Content starts
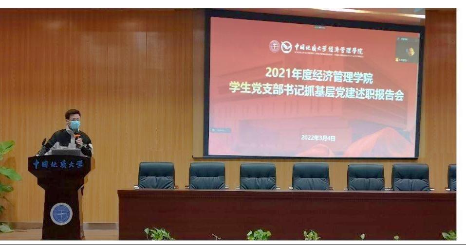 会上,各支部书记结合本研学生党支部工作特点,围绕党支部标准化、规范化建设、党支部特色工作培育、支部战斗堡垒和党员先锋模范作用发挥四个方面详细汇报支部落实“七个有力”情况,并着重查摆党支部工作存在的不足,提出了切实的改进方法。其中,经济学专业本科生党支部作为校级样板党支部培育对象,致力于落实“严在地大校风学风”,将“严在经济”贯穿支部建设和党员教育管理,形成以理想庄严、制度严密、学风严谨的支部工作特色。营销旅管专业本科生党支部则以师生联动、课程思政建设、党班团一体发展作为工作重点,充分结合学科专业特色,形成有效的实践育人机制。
Content ends
Content starts
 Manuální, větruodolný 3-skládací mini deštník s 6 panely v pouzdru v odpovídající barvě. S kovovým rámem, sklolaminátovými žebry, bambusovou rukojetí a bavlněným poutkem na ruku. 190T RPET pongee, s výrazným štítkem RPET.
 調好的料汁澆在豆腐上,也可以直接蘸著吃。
Content ends
## Required action
Working from the material above, retype exactly the lines from the one with "Manuální, větruodolný 3-skládací" through the one with "調好的料汁澆在豆腐上,也可以直接蘸著吃。", both included, and only those lines.

## Response to this task
 Manuální, větruodolný 3-skládací mini deštník s 6 panely v pouzdru v odpovídající barvě. S kovovým rámem, sklolaminátovými žebry, bambusovou rukojetí a bavlněným poutkem na ruku. 190T RPET pongee, s výrazným štítkem RPET.
 調好的料汁澆在豆腐上,也可以直接蘸著吃。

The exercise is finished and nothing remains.